Canonical summary schemas

The Summary Bus defines two related schemas:

  • event_summary.v1
  • session_summary.v1

Both share a common structure: identity, provenance, selection, model metadata, outputs, and accounting.

Event summary schema

Required fields

  • schema_version
    String. Example: event_summary.v1

  • summary_id
    String. Stable id for this summary object.

  • day
    String. YYYY-MM-DD partition.

  • source_type
    String. Must be event.

  • source_ids
    Array of strings. Must include at least one Event Bus event_id.

  • selection
    Object describing exactly what text was summarized.

Required keys inside selection:

  • selection_type
    String. Example: single_event or event_slice

  • source_text_hash
    String. Hash of the exact text payload that was summarized, after deterministic normalization.

  • normalization
    Object describing normalization rules applied before hashing.
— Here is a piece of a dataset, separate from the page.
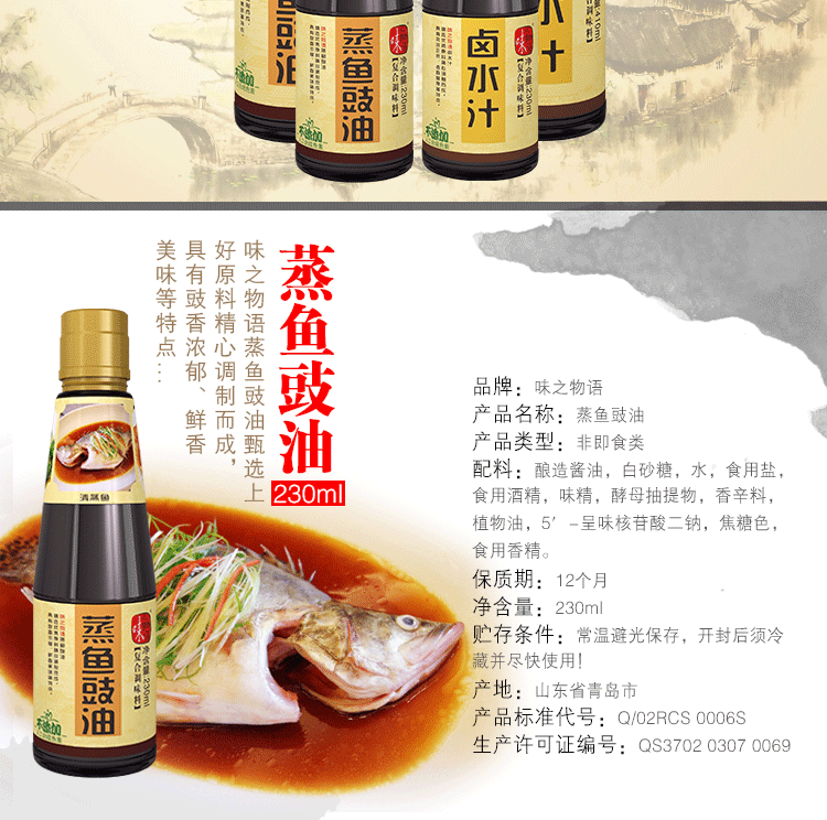 味之物语蒸鱼豉油甄选上好原料精心调制而成,具有鼓香浓郁,鲜香味美等特点

Minimum keys inside normalization:

  • name string

  • version string

  • model
    Object describing the model invocation identity.

Required keys inside model:

  • provider string

  • model_name string

  • model_version string or empty string if unavailable

  • temperature number or null if unknown

  • max_tokens integer or null if unknown

  • prompt
    Object describing the prompt identity.

Required keys inside prompt:

  • prompt_hash string

  • template_id string or name

  • prompt_version string

  • producer
    Object describing the summarizer implementation.

Required keys inside producer:

  • summarizer_version string

  • run_id string

  • outputs
    Object holding the summary content.

Required keys inside outputs:

  • summary_text string

Optional fields

  • outputs.tags array
  • outputs.topics array
  • outputs.category string
  • outputs.actions array
  • outputs.confidence number
  • outputs.format_type string
  • outputs.notes string

Any optional field that is model generated must be treated as model output and must not be interpreted as deterministic truth.

Session summary schema

Required fields

  • schema_version
    String. Example: session_summary.v1

  • summary_id
    String. Stable id for this summary object.

  • day
    String. YYYY-MM-DD partition.

  • source_type
    String. Must be session.

  • source_ids
    Array of strings. Must include exactly one session_id as the primary id.

  • event_ids
    Array of strings. The session evidence pointer list. Must match the referenced session object or be declared as a derived slice.

  • selection
    Object describing what text was summarized.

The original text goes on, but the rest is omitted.